Llama 3.1 8B Benchmark Comparison

Comparing Esmeralda-Llama-3.1-8B-control against Llama 3.1 8B Instruct and Hermes-3-Llama-3.1-8B.

Benchmark	Esmeralda-Llama-3.1-8B-control	Llama 3.1 8B Instruct	Hermes-3-Llama-3.1-8B
HumanEval	57.3	56.1	52.4
MBPP	53.2	56.8	48.2
MMLU-Pro	31.9	null	31.0
GPQA Diamond	15.7	15.7	18.2
EQ-Bench	59.2	61.1	63.1
Percent Parseable	100.0	92.4	91.2

Visual Performance Overview

HumanEval (Coding)

Esmeralda-Llama-3.1-8B

57.3

Llama 3.1 Instruct

56.1

Hermes-3

52.4

MBPP (Python Coding)

Esmeralda-Llama-3.1-8B

53.2

Llama 3.1 Instruct

56.8

Hermes-3

48.2

Percent Parseable (Syntax Stability)

Esmeralda-Llama-3.1-8B

100.0

Llama 3.1 Instruct

92.4

Hermes-3

91.2

Key Takeaways

Esmeralda-Llama-3.1-8B-control slightly leads on HumanEval despite using a relatively small finetuning dataset.
Hermes-3-Llama-3.1-8B shows the strongest EQ-Bench and GPQA performance.
Base Llama 3.1 8B Instruct remains strongest overall on MBPP.
Esmeralda-Llama-3.1-8B-control achieves the best parseability at an absolute 100%.

Interpretation

Esmeralda-Llama-3.1-8B-control successfully preserves the original baseline structural strength of Llama 3.1 8B Instruct while drastically improving coding consistency and tool execution stability. Whereas Hermes-3 scales conversational reasoning and fluid persona characteristics, the Esmeralda control model zeroes in on output predictability and software integration stability.

🐉 Here Be Dragons

The following results are exploratory and are not directly comparable to standard TruthfulQA leaderboard scores. Moreover, the Esmeralda-Llama-3.1-8B-control model was quantized to 8-bit precision to accelerate evaluations, potentially reducing actual benchmark results slightly below full-precision execution capabilities.

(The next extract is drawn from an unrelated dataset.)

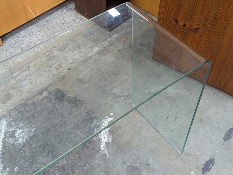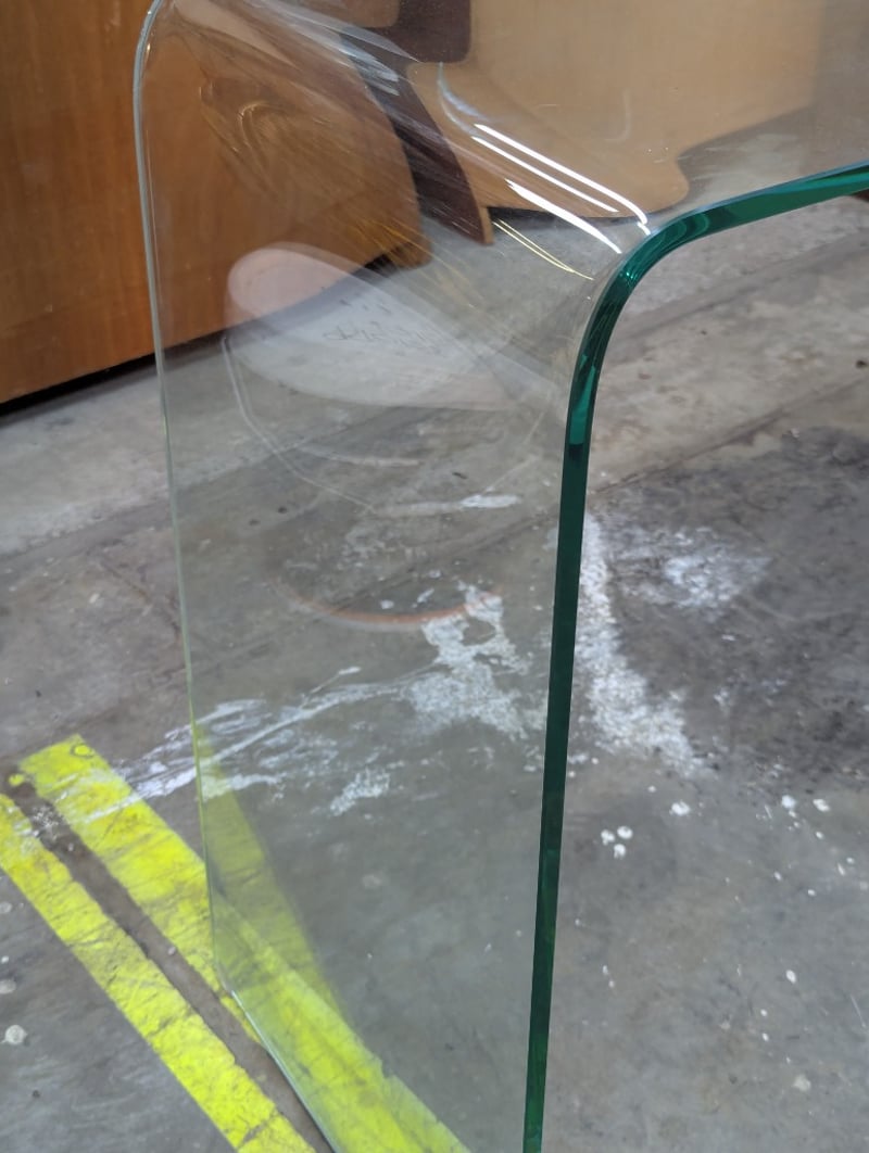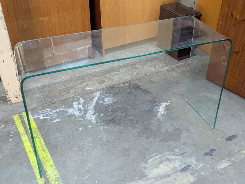 Modern glass console table featuring curved tempered glass construction with integrated green-tinted glass edging. The table showcases a minimalist design with smooth, flowing lines and a contemporary aesthetic. The curved glass panels create an elegant waterfall effect at both endsItem size: 73cm h x 124cm w x 40cm D
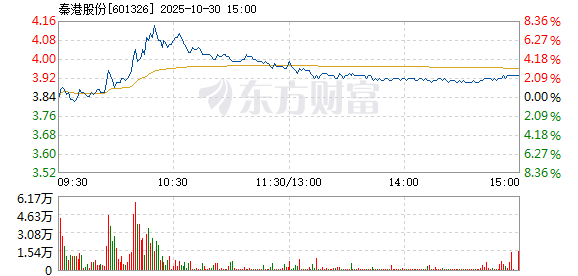 以下是秦港股份在北京时间10月30日09:55分盘口异动快照:10月30日,

Experimental Truthfulness Evaluation

Esmeralda-Llama-3.1-8B-control was evaluated on TruthfulQA using a freeform-generation setup rather than the standard multiple-choice MC1/MC2 methodology.

Evaluation procedure:

The model generated unrestricted freeform answers.
A separate judge model — Gemma 4 26B A4B — was prompted to assign:
- 1 for correct/truthful answers
- 0 for incorrect/hallucinated answers
The judge compared generations against the TruthfulQA reference answers.

Model	Evaluation Method	Score
Esmeralda-Llama-3.1-8B-control	TruthfulQA LLM Judge	0.682
Hermes-3-Llama-3.1-8B	TruthfulQA MC2 (self-reported)	0.587

Notes

These numbers are not directly comparable due to differing evaluation setups.
MC2 evaluates constrained multiple-choice accuracy, while the Esmeralda evaluation measures freeform answer truthfulness judged semantically by an auxiliary LLM.
Manual inspection of sampled generations suggested the judge model behaved reliably for this experiment.
No official TruthfulQA score for Llama 3.1 8B Instruct could be located at the time of writing.

*This section is provided as an experimental reference rather than a standardized leaderboard claim.